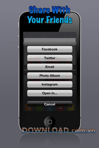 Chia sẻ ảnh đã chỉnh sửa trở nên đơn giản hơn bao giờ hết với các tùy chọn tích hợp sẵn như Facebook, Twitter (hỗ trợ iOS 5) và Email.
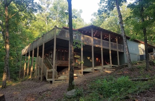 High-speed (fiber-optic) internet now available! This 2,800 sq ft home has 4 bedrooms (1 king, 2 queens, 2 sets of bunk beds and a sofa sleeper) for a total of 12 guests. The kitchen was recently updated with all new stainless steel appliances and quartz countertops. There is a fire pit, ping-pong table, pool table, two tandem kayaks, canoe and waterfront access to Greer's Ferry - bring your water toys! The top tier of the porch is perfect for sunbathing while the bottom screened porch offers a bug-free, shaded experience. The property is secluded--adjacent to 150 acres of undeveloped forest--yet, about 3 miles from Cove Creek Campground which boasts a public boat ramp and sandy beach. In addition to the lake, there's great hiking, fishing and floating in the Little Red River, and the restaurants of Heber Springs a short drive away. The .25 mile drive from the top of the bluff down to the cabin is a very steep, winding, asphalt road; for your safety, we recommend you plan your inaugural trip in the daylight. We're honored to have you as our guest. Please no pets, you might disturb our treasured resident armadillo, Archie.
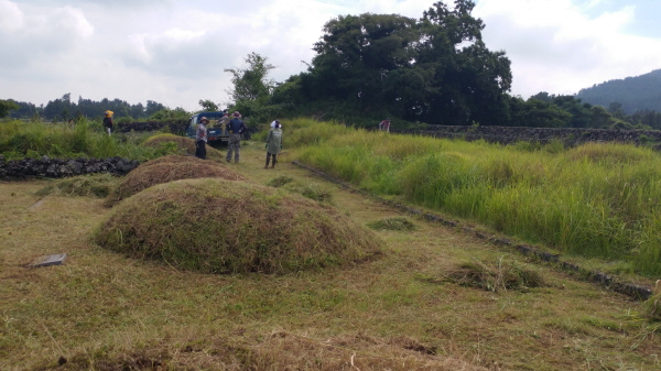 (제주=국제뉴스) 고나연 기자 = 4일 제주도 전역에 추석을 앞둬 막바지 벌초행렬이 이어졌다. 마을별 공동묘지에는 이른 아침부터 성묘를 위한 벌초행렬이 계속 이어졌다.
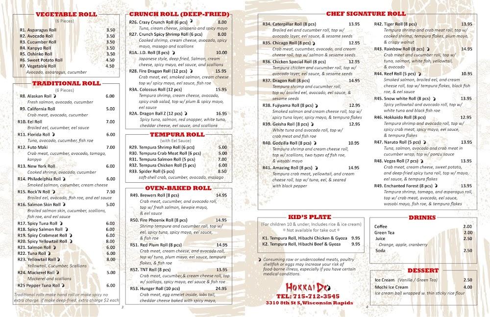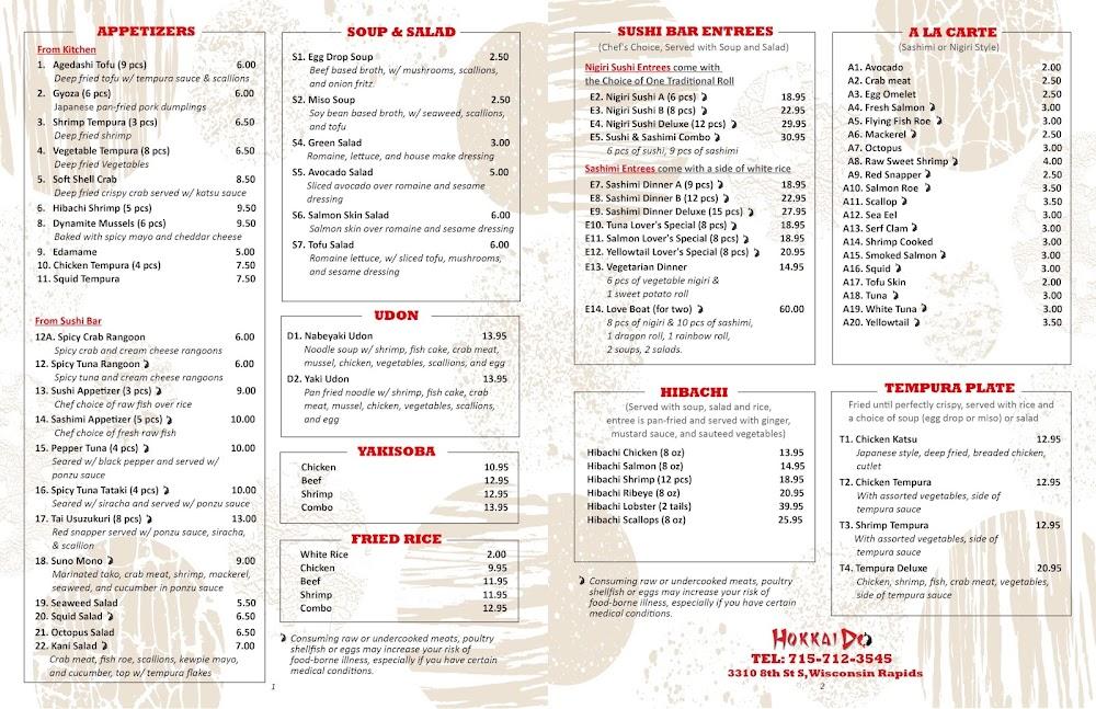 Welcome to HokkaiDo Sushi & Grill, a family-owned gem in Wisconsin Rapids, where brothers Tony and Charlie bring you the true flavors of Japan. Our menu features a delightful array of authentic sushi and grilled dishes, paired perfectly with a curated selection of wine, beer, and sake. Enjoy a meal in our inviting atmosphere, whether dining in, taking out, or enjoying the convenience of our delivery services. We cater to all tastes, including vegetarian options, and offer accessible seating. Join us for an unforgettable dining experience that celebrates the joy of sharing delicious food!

...

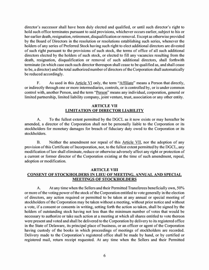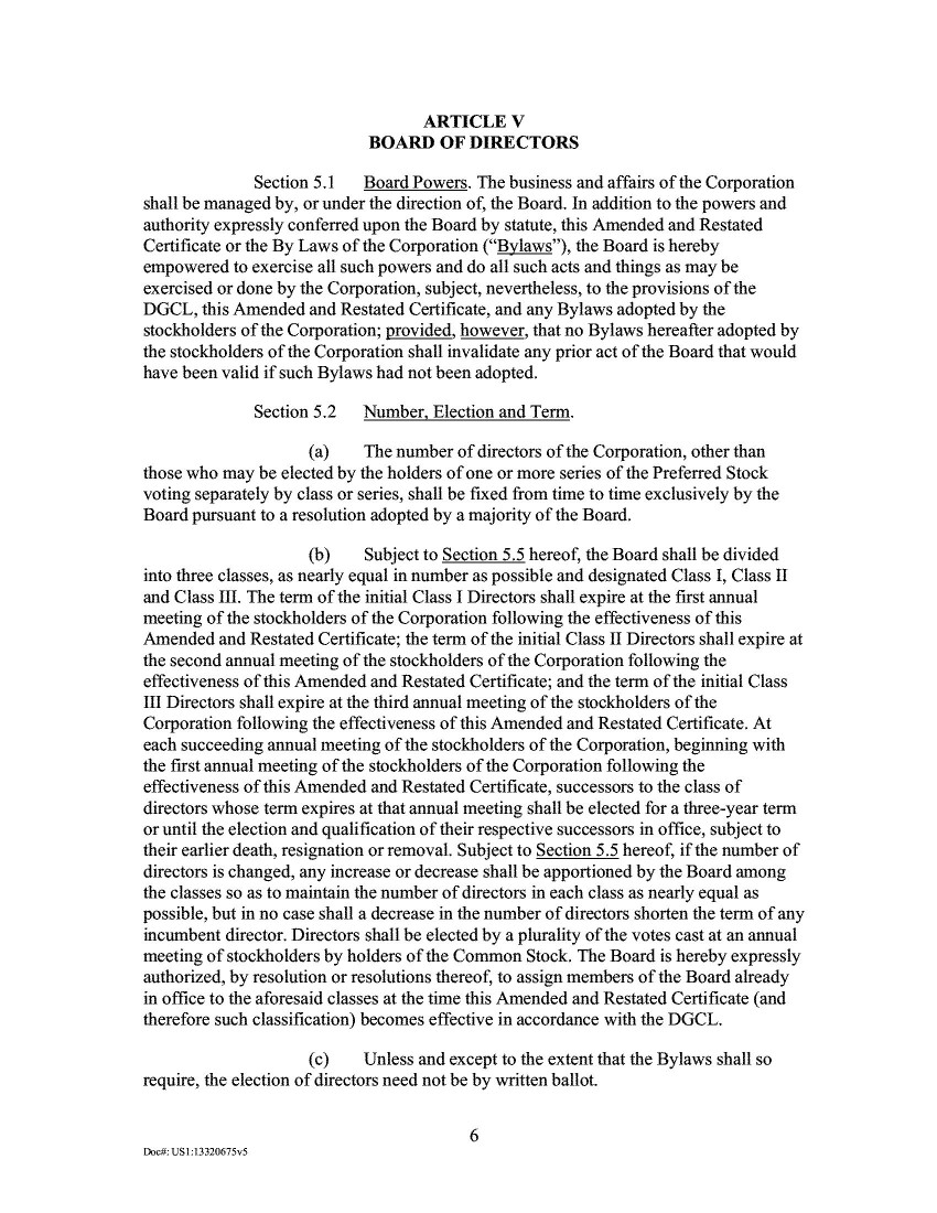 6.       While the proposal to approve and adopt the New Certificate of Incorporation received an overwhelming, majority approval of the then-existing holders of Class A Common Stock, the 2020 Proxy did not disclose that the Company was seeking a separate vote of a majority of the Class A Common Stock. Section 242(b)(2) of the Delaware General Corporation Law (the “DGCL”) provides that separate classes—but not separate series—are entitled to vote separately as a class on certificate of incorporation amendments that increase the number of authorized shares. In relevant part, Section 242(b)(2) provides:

■ **DIRECTIONS**
Within the listing above, extract exactly the lines that run from the one containing "(제주=국제뉴스) 고나연 기자" through the one containing "Welcome to HokkaiDo", excluding any pictures.

■ **YOUR SOLUTION**
 (제주=국제뉴스) 고나연 기자 = 4일 제주도 전역에 추석을 앞둬 막바지 벌초행렬이 이어졌다. 마을별 공동묘지에는 이른 아침부터 성묘를 위한 벌초행렬이 계속 이어졌다.
 Welcome to HokkaiDo Sushi & Grill, a family-owned gem in Wisconsin Rapids, where brothers Tony and Charlie bring you the true flavors of Japan. Our menu features a delightful array of authentic sushi and grilled dishes, paired perfectly with a curated selection of wine, beer, and sake. Enjoy a meal in our inviting atmosphere, whether dining in, taking out, or enjoying the convenience of our delivery services. We cater to all tastes, including vegetarian options, and offer accessible seating. Join us for an unforgettable dining experience that celebrates the joy of sharing delicious food!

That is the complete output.